» Work request
Keep the text of the data exactly as it is and omit each picture from the copy.

START Information provided

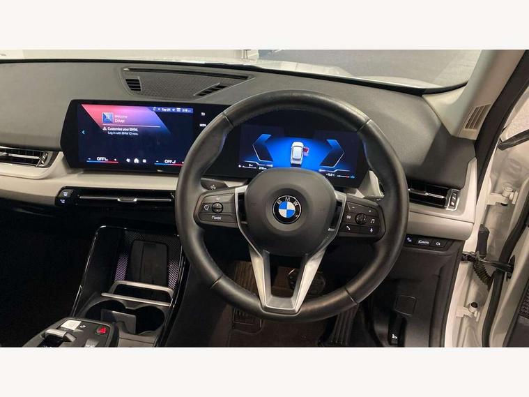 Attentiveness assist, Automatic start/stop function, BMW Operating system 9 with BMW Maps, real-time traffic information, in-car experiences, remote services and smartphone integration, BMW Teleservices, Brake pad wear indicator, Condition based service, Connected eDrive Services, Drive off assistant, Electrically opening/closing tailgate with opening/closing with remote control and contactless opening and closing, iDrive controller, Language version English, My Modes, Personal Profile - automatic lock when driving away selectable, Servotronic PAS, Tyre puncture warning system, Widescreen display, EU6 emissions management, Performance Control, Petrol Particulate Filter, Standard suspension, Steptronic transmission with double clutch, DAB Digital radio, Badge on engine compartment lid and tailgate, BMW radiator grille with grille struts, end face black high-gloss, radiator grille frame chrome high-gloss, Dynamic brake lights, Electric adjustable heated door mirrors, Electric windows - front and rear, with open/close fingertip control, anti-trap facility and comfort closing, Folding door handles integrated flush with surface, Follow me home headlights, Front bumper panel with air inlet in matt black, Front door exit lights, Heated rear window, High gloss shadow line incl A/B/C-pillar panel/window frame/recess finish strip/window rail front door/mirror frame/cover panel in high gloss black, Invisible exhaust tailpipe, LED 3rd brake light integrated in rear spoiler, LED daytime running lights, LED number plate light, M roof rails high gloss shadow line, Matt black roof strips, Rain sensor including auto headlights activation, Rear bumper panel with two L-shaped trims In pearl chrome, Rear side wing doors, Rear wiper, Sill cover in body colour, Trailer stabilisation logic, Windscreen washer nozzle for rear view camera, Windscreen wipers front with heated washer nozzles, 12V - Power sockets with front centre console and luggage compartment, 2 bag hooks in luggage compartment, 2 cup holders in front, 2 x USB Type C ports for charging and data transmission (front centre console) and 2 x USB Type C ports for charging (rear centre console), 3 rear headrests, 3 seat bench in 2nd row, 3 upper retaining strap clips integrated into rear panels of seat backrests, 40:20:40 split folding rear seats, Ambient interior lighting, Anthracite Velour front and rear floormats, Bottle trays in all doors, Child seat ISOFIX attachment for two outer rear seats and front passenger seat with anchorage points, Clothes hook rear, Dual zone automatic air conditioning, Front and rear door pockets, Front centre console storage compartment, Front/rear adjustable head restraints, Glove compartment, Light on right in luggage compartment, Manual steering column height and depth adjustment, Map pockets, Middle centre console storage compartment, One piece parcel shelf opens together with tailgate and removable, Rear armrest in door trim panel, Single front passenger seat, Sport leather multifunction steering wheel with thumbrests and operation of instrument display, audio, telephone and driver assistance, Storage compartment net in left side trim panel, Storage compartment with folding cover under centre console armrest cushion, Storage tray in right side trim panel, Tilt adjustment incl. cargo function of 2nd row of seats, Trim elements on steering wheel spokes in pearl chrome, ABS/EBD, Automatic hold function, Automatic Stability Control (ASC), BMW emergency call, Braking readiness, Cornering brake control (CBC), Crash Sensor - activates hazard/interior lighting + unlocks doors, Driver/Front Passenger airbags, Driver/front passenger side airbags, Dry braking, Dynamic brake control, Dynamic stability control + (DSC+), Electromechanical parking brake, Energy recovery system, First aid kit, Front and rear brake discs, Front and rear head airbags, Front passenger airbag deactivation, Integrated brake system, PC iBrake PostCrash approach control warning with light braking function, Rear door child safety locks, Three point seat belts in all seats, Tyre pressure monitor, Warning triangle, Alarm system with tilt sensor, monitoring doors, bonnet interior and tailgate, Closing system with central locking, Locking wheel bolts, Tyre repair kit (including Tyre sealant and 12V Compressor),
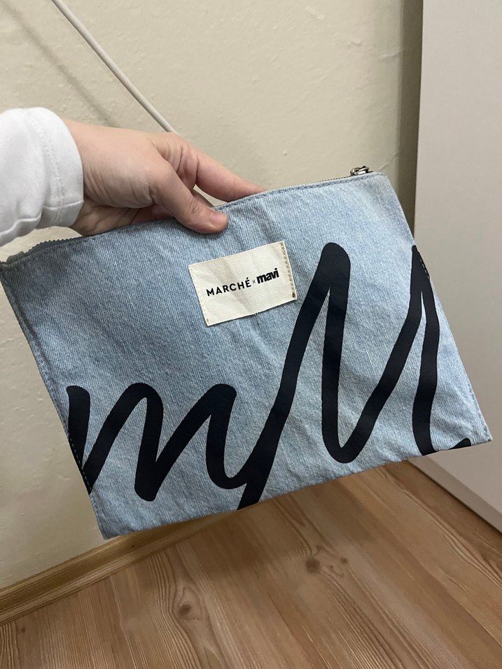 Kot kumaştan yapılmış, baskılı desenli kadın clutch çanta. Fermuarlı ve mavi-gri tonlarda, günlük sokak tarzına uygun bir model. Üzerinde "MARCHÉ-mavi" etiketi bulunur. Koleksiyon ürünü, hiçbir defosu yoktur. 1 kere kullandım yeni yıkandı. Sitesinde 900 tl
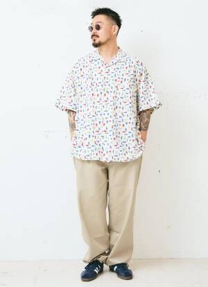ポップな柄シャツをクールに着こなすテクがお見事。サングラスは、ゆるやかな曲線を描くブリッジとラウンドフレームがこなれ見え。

END Information provided

» Exercise result
 Attentiveness assist, Automatic start/stop function, BMW Operating system 9 with BMW Maps, real-time traffic information, in-car experiences, remote services and smartphone integration, BMW Teleservices, Brake pad wear indicator, Condition based service, Connected eDrive Services, Drive off assistant, Electrically opening/closing tailgate with opening/closing with remote control and contactless opening and closing, iDrive controller, Language version English, My Modes, Personal Profile - automatic lock when driving away selectable, Servotronic PAS, Tyre puncture warning system, Widescreen display, EU6 emissions management, Performance Control, Petrol Particulate Filter, Standard suspension, Steptronic transmission with double clutch, DAB Digital radio, Badge on engine compartment lid and tailgate, BMW radiator grille with grille struts, end face black high-gloss, radiator grille frame chrome high-gloss, Dynamic brake lights, Electric adjustable heated door mirrors, Electric windows - front and rear, with open/close fingertip control, anti-trap facility and comfort closing, Folding door handles integrated flush with surface, Follow me home headlights, Front bumper panel with air inlet in matt black, Front door exit lights, Heated rear window, High gloss shadow line incl A/B/C-pillar panel/window frame/recess finish strip/window rail front door/mirror frame/cover panel in high gloss black, Invisible exhaust tailpipe, LED 3rd brake light integrated in rear spoiler, LED daytime running lights, LED number plate light, M roof rails high gloss shadow line, Matt black roof strips, Rain sensor including auto headlights activation, Rear bumper panel with two L-shaped trims In pearl chrome, Rear side wing doors, Rear wiper, Sill cover in body colour, Trailer stabilisation logic, Windscreen washer nozzle for rear view camera, Windscreen wipers front with heated washer nozzles, 12V - Power sockets with front centre console and luggage compartment, 2 bag hooks in luggage compartment, 2 cup holders in front, 2 x USB Type C ports for charging and data transmission (front centre console) and 2 x USB Type C ports for charging (rear centre console), 3 rear headrests, 3 seat bench in 2nd row, 3 upper retaining strap clips integrated into rear panels of seat backrests, 40:20:40 split folding rear seats, Ambient interior lighting, Anthracite Velour front and rear floormats, Bottle trays in all doors, Child seat ISOFIX attachment for two outer rear seats and front passenger seat with anchorage points, Clothes hook rear, Dual zone automatic air conditioning, Front and rear door pockets, Front centre console storage compartment, Front/rear adjustable head restraints, Glove compartment, Light on right in luggage compartment, Manual steering column height and depth adjustment, Map pockets, Middle centre console storage compartment, One piece parcel shelf opens together with tailgate and removable, Rear armrest in door trim panel, Single front passenger seat, Sport leather multifunction steering wheel with thumbrests and operation of instrument display, audio, telephone and driver assistance, Storage compartment net in left side trim panel, Storage compartment with folding cover under centre console armrest cushion, Storage tray in right side trim panel, Tilt adjustment incl. cargo function of 2nd row of seats, Trim elements on steering wheel spokes in pearl chrome, ABS/EBD, Automatic hold function, Automatic Stability Control (ASC), BMW emergency call, Braking readiness, Cornering brake control (CBC), Crash Sensor - activates hazard/interior lighting + unlocks doors, Driver/Front Passenger airbags, Driver/front passenger side airbags, Dry braking, Dynamic brake control, Dynamic stability control + (DSC+), Electromechanical parking brake, Energy recovery system, First aid kit, Front and rear brake discs, Front and rear head airbags, Front passenger airbag deactivation, Integrated brake system, PC iBrake PostCrash approach control warning with light braking function, Rear door child safety locks, Three point seat belts in all seats, Tyre pressure monitor, Warning triangle, Alarm system with tilt sensor, monitoring doors, bonnet interior and tailgate, Closing system with central locking, Locking wheel bolts, Tyre repair kit (including Tyre sealant and 12V Compressor),
 Kot kumaştan yapılmış, baskılı desenli kadın clutch çanta. Fermuarlı ve mavi-gri tonlarda, günlük sokak tarzına uygun bir model. Üzerinde "MARCHÉ-mavi" etiketi bulunur. Koleksiyon ürünü, hiçbir defosu yoktur. 1 kere kullandım yeni yıkandı. Sitesinde 900 tl
ポップな柄シャツをクールに着こなすテクがお見事。サングラスは、ゆるやかな曲線を描くブリッジとラウンドフレームがこなれ見え。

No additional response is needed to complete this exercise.